-- Try it --
Take the entries below and print, exactly, the stretch from the line containing "11月2日下午,学校党委在会" through the line containing "Lễ Thánh Matthêu", both included.

-- Provided records --

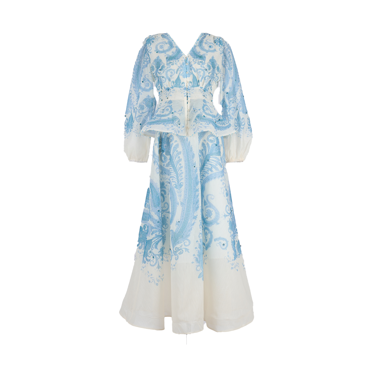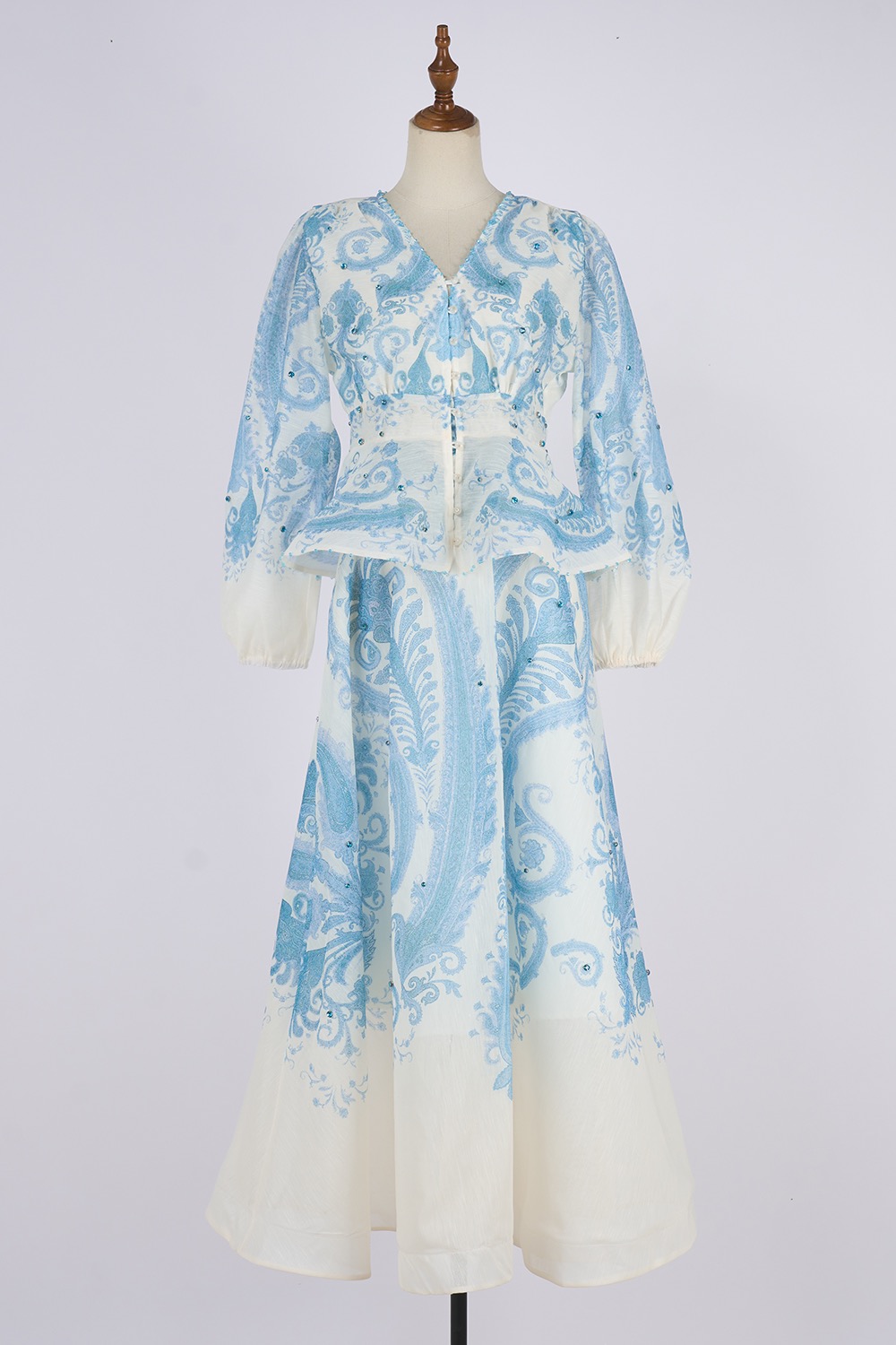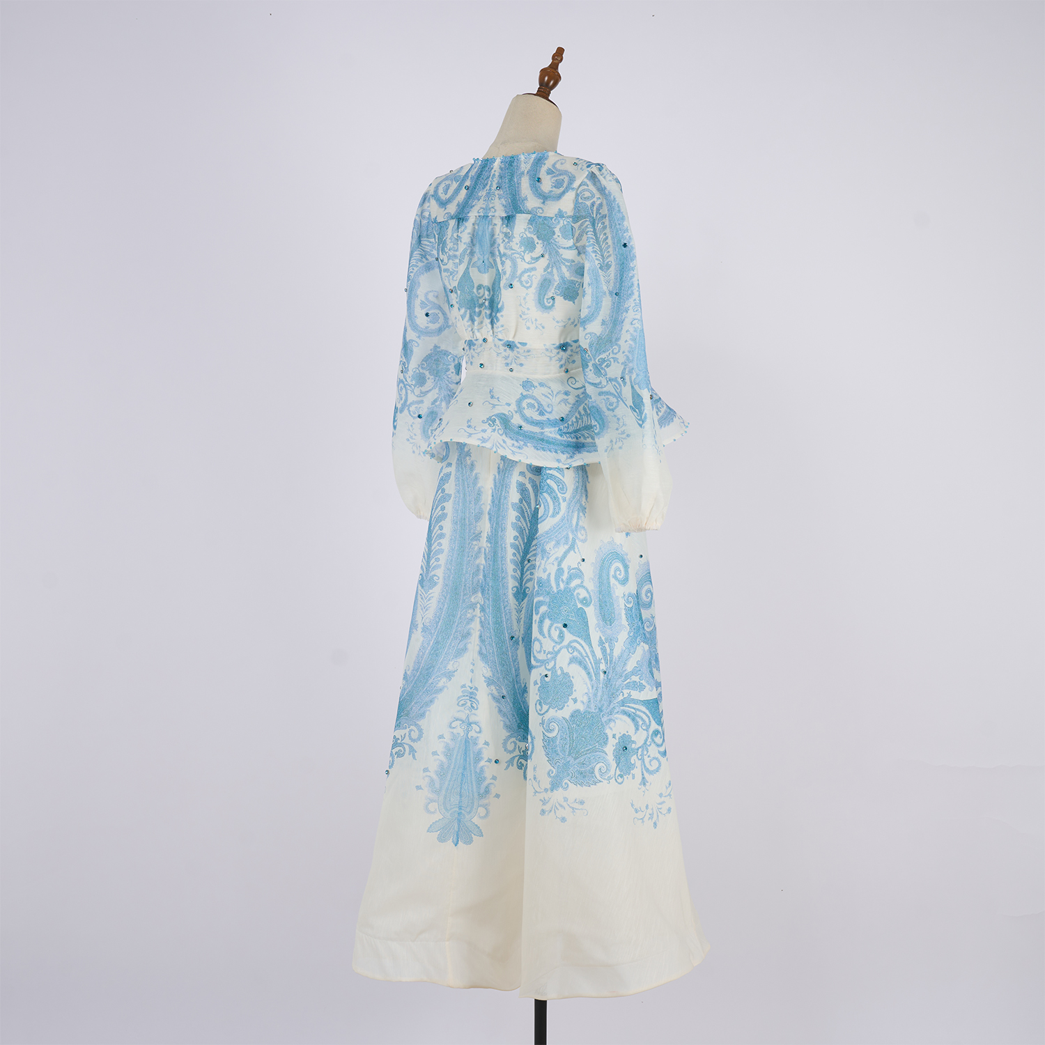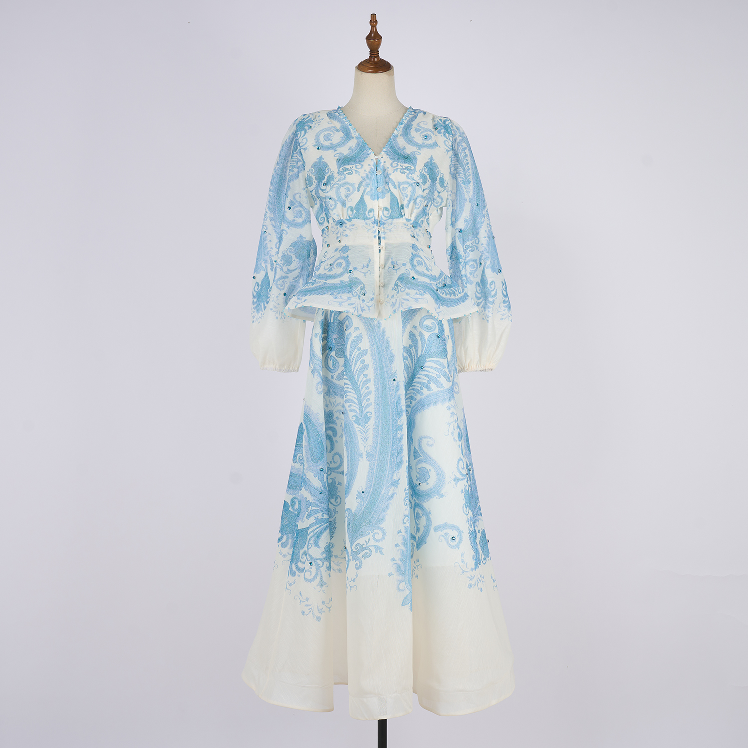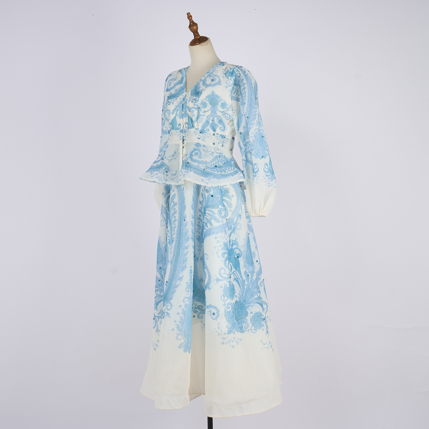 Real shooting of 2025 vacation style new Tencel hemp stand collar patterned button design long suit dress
==
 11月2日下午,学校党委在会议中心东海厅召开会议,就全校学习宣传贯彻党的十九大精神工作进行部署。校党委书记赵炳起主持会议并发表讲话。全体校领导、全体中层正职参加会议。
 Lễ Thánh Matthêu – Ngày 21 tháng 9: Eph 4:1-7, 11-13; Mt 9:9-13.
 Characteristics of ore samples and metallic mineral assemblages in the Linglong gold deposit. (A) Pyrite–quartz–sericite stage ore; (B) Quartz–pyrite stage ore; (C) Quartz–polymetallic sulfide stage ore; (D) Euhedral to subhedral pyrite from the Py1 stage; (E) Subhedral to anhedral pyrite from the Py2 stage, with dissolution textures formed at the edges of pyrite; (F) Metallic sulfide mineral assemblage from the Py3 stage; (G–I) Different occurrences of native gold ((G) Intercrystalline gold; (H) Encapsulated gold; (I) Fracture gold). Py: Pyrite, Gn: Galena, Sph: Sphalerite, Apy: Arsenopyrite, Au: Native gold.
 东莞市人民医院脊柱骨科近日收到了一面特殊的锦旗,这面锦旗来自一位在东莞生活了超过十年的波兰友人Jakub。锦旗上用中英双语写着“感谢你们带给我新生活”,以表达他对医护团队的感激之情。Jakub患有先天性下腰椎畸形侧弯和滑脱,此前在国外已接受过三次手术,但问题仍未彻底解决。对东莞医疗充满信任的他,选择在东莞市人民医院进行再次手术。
* * *
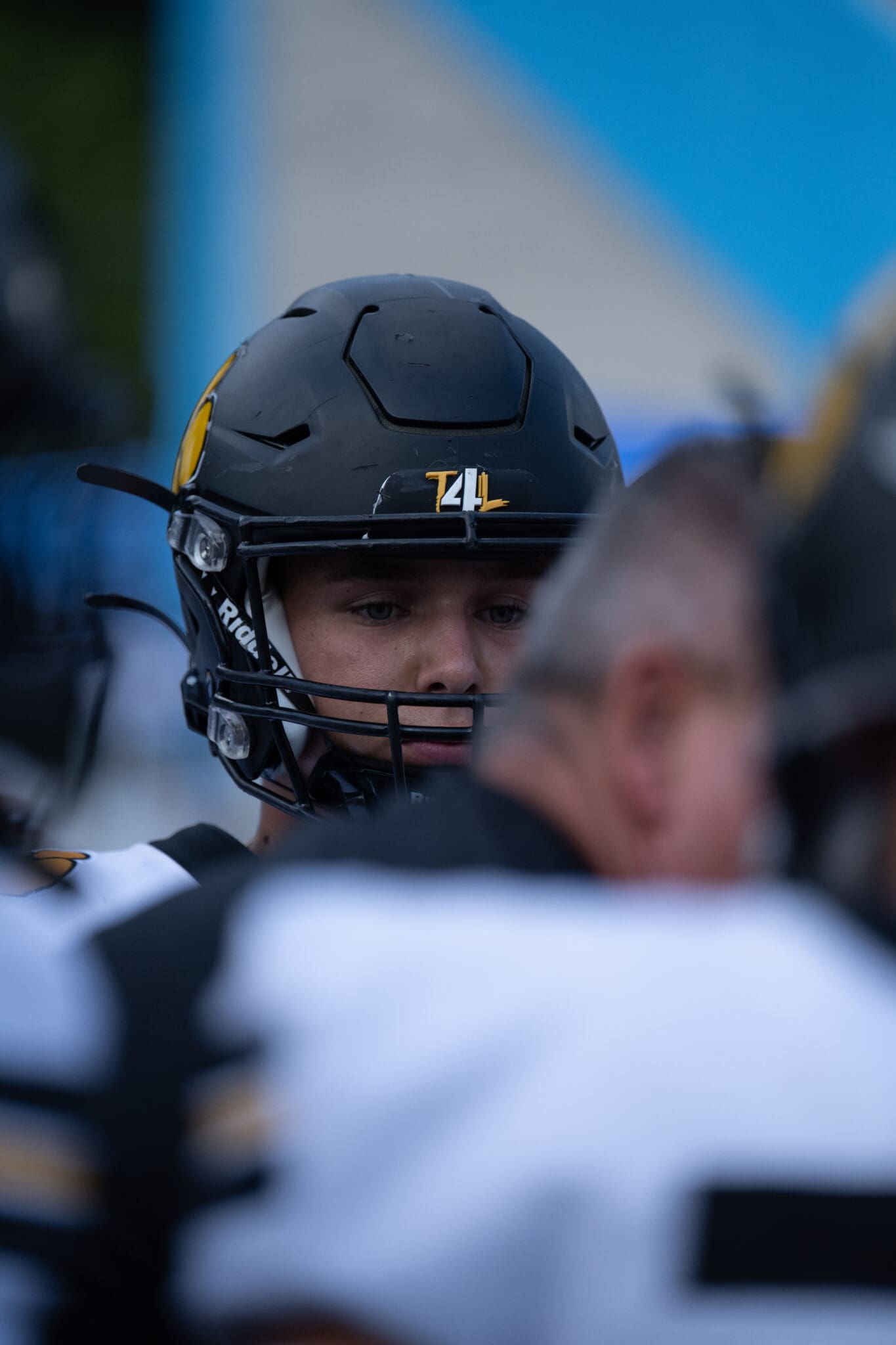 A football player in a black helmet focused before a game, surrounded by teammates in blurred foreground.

-- Finished exercise --
 11月2日下午,学校党委在会议中心东海厅召开会议,就全校学习宣传贯彻党的十九大精神工作进行部署。校党委书记赵炳起主持会议并发表讲话。全体校领导、全体中层正职参加会议。
 Lễ Thánh Matthêu – Ngày 21 tháng 9: Eph 4:1-7, 11-13; Mt 9:9-13.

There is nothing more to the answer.